“El que lucha con monstruos debe tener cuidado para no resultar él un monstruo. Y si mucho miras a un abismo, el abismo concluirá por mirar dentro de ti”. La famosa cita nietzscheana funcionó, en pleno carácter premonitorio, como la piedra Rosetta de las maravillas y horrores del siglo XX, el tiempo en que el hombre quiso desafiar a los dioses, la naturaleza y la historia. A la lista de artistas, científicos, políticos y militares que quisieron reescribir las reglas de sus tiempos se suman los asesinos, seres que, aun en un terreno más acotado de acción, compartían con los otros el sentirse más allá del bien y del mal. Su “obra” no tiene significado en sí misma, sino por la forma en que reverberaron en la caja de resonancia de la sociedad, como un grito que en sus múltiples ecos termina por configurar nuevas palabras, un nuevo dialecto. Así, los grandes asesinos no son simplemente criminales, sino figuras que traspasan una inesperada iconicidad pop para devenir densas metáforas de su tiempo. Todo está ahí: Ted Kaczynski (alias Unabomber) convirtiéndose en, quizás, el más literal crítico del modernismo; Charles Manson y el asesinato de Sharon Tate como el acto simbólico que cierra el verano del amor hippie de los 60; Ted Bundy como un anticuerpo maligno del despertar sexual de los 70.

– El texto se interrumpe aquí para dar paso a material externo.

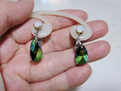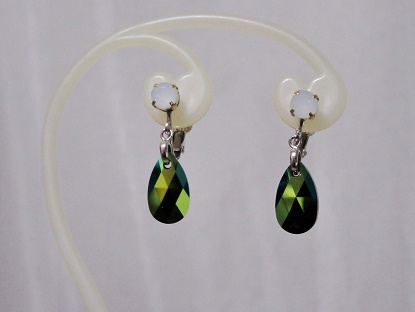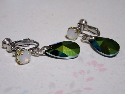 サイズ | サイズ:★雫のモチーフの大きさは、16×9ミリです。 スカラベグリーン スワロフスキー 1石の大きさは、16×9ミリミリです。 ★アクリルパーツの ホワイトオパールの大きさは、6ミリです。 |
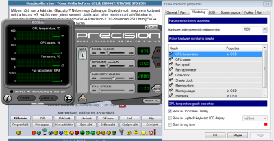 Van a kártyának 2D-s vezérlése? Vagyis visszaveszi az órajeleket ha nincs terhelve? Mert ha igen, akkor nincs mitől melegednie idle módban. Játék alatt monitorozd. Ha bekapcsolod a precisionban amik nekem is ki vannak pipálva, a villás kulcsra kell kattintani, akkor jön elő az ablak, majd a monitoring fülön rákattintasz a GPU temperature sorra, és alul kipipálod a Show in On-sreen Display-re, majd leokézod és a jobb fent lévő kis háromszöggel lerakod tálcára a progit.
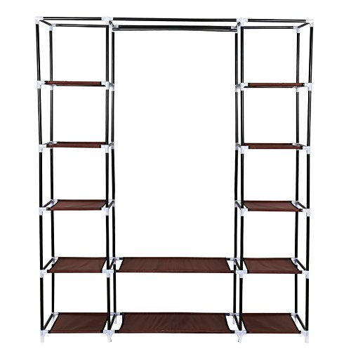 Capacious Closet Wardrobe - Ample room, movable clothes hanging rod and 12 storage shelves offer enough space for both longer outfits and folded clothes, for easy access to whatever you choose to store

El aforismo nietzscheano es igual de relevante a la hora de analizar cómo la sociedad retrata, explica o teoriza a partir de sus asesinos. La maldición inherente consiste en que el relato o la explicación de actos tan terribles deja a su autor como una escoria sucia y venenosa que arma un mito alrededor de su objeto, porque ¿cómo entender al monstruo sin alimentarlo entre los barrotes?
Y acá entran las series sobre asesinos o muertes extrañas, un subgénero documental que nunca para de crecer y al que a plataformas como Netflix le han resultado rentables. Tres series recientemente estrenadas –The Ripper, Acosador nocturno: a la caza de un asesino en serie y Escena del crimen: desaparición en el hotel Cecil– arman el tríptico ideal para ver qué se pone en juego, qué síntomas arrecian y qué queda sin decir en las actuales elaboraciones sobre asesinatos y muertes extrañas.
El regreso de Jack
The Ripper sigue a Peter Sutcliffe, un asesino de mujeres que asoló a la comunidad inglesa entre 1975 y 1980. El modus operandi casi siempre era el mismo: el asesino solía acechar a mujeres solitarias, a las que primero asestaba un golpe de martillo, para después atacarlas con elementos punzantes. Los primeros casos confirmados, en los que predominaba el perfil de mujeres de una zona roja de Yorkshire, lo convertían en una tentadora reencarnación de Jack el Destripador. La acumulación de víctimas puso en jaque las libertades recién obtenidas por las mujeres, y pronto las autoridades empezaron a recomendar que no salieran solas, es decir, sin la escolta de un hombre. El documental de Ellena Wood y Jesse Vile es un gran acierto tanto en lo estético como en su coherencia narrativa. Hay algo en el tono seco, casi estadístico, en que se apilan los casos, que genera la ominosa sensación acumulativa lograda por “La parte de los crímenes”, el más duro de los capítulos de 2666, de Roberto Bolaño.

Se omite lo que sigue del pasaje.